Smoke and mirror Steelers somehow still alive in AFC North
PITTSBURGH (AP) — The Pittsburgh Steelers don't make any sense. They can't run the ball. They can't stop the run. They can't score a ton of points. They can't win on the road.
And yet they're still here, still in the mix with three games remaining after a mystifying 19-13 win over Tennessee on Sunday in which they were pushed around for the better part of three hours only to escape by providing the kind of “splash” plays on defense that can cover up a lot of warts, of which they still have many.
Four turnovers led to four Chris Boswell field goals. Joe Haden returned from a month on the sideline with the game-sealing tackle in the final seconds. The offense managed all of 168 yards, failed to score a first-half touchdown for the fourth straight game and managed all of 35 yards rushing.
And none of it mattered.
“I think we still have a pulse in this thing,” quarterback Ben Roethlisberger said.
Not just a faint one.
Most years, being 7-6-1 at Christmas usually means it’s time to start planning for next season. In 2021, it means you've got a shot. The Steelers woke up Monday a half-game back of first in the underwhelming and unpredictable AFC North.
Maybe that's a testament to the blah-ness that has engulfed nearly the entire AFC. Still, Pittsburgh has consistently found a way to find a way when it absolutely needed to.
A blocked punt to spark a rally against Buffalo in the opener. A strip-sack by all-everything linebacker T.J. Watt to set up an overtime victory over Seattle. A game-saving swat by cornerback James Pierre against Denver. Two fourth-quarter touchdowns to stun Baltimore.
The Steelers don't have enough talent to overwhelm opponents. And when it's not close, it's not close. Their six losses have come by an average of 12.6 points. In the past month alone they've found themselves trailing in the second half by 17 (Los Angeles Chargers), 38 (Cincinnati) and 29 (Minnesota).
No wonder coach Mike Tomlin sounds more relieved than optimistic while talking about his erratic group. Asked why pre-snap penalties keep cropping up 14 games in and he gruffly responded “because we've got issues.”

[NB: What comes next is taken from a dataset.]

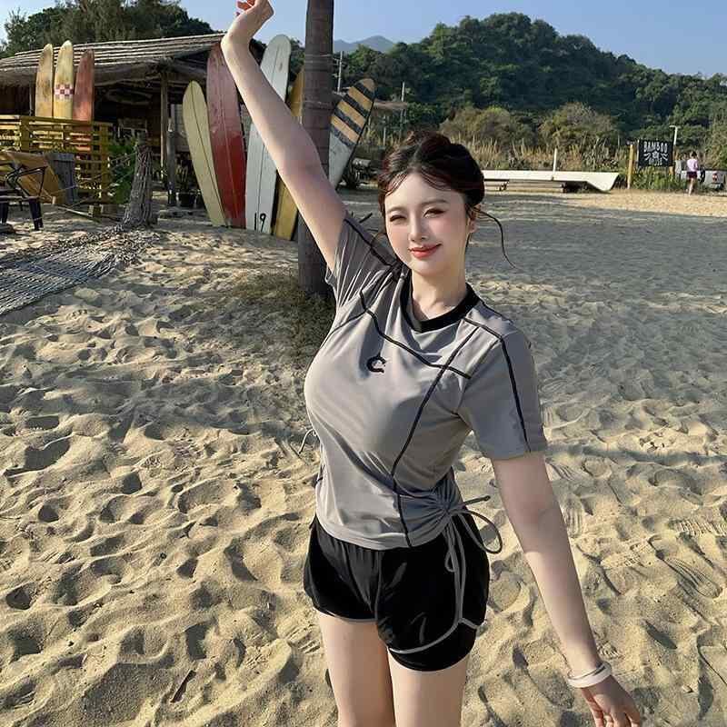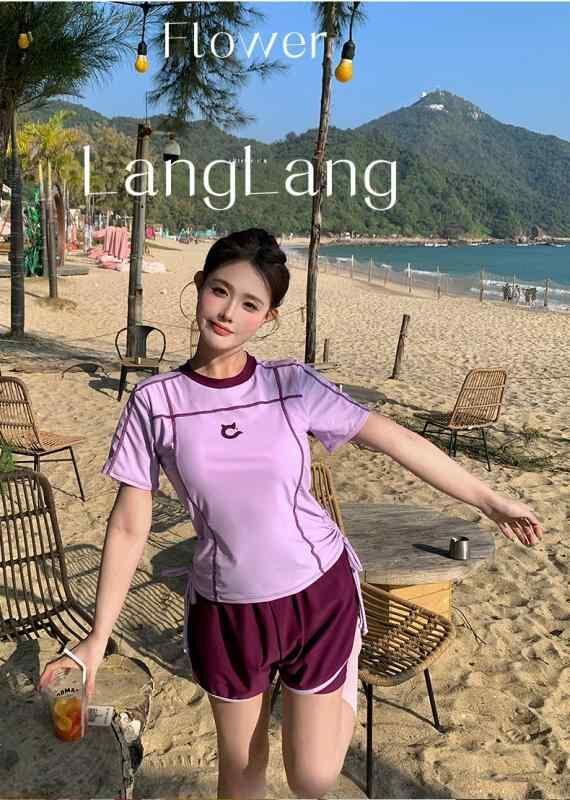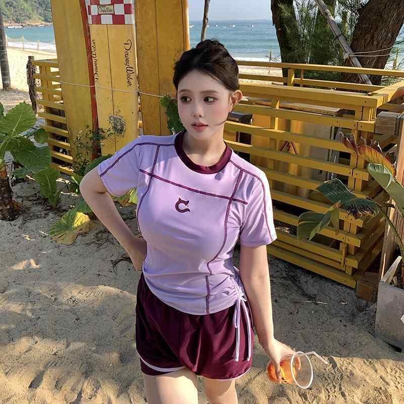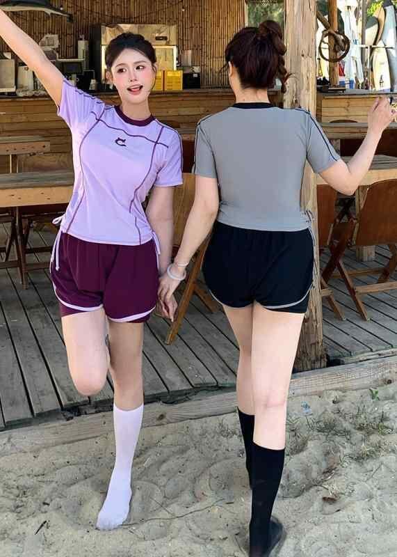 水着 レディース スイムウェア 大人用 セパレート 半袖 ショートパンツ 体型カバー UVカット 日焼け防止 露出控えめ 温泉 プール 海水浴 スイミング ジム フィットネス ブラック系 パープル系 ナイロン ポリエステル素材

They've also — stunningly — got a chance.
“It’s better to win and learn than lose and learn at this point,” defensive end Cam Heyward said. “But there’s a lot we can improve on.”
When the Steelers can force teams to pass — hardly a given for a team that's ceding yards on the ground at rate not seen in 30 years — they remain dangerous. Tennessee piled up 201 yards rushing, but also bafflingly kept asking quarterback Ryan Tannehill to throw the ball. That opened up rush lanes for Watt — whose 17 1/2 sacks are a franchise record — and led to three of the Titans' four turnovers.
Two of Pittsburgh's three fumble recoveries came after short completions and backup outside linebacker Taco Charlton's long arms tipped Tannehill's pass into the arms of teammate Joe Schobert.
“I feel like if teams want to try and throw the ball, they also know the problems they are going to get from us,” Watt said.
First-year offensive coordinator Matt Canada is struggling to come up with a game plan that produces any sort of early momentum. The Steelers have failed to score a first-half touchdown in four straight games, the first time that's happened in more than a quarter century.
While Canada is dealing with an offensive line that is among the most inexperienced and ineffective in the league, he's also been unable to find a way to successfully mask the unit's deficiencies.
Charlton and fellow outside linebacker Derrek Tuszka have seen their playing time fluctuate as starters Watt and Alex Highsmith have battled injuries. Both made an impact against the Titans. Charlton's tip set up the pick that produced the go-ahead field goal and Tuszka's first career sack on Tennessee's final drive pushed the Titans into a long-yardage situation that ultimately ended two plays later with Joe Haden stuffing Tennessee wide receiver Nick Westbrook-Ikhine inches short of a first down that would have extended the game.
The Steelers used a seventh-round pick to take punter Pressley Harvin III. While Harvin has excelled while working as a holder for the first time in his football career, he has been wildly inconsistent while doing his main job. He had punts of 32 and 27 yards against the Titans and outkicked his coverage on a 51-yarder that set up Chester Rogers for a 55-yard return.
Rookie tight end Pat Freiermuth entered the concussion protocol after taking a violent shot from Tennessee's Kristian Fulton in the third quarter. Defensive lineman Chris Wormley picked up his career-best sixth sack before leaving with a groin injury.
Plus-8 — Pittsburgh's turnover differential in its seven wins. The Steelers are minus-6 in their other seven games.
Try to take their smoke-and-mirrors act on the road to Kansas City next Sunday. The Steelers have dropped three straight away from Heinz Field.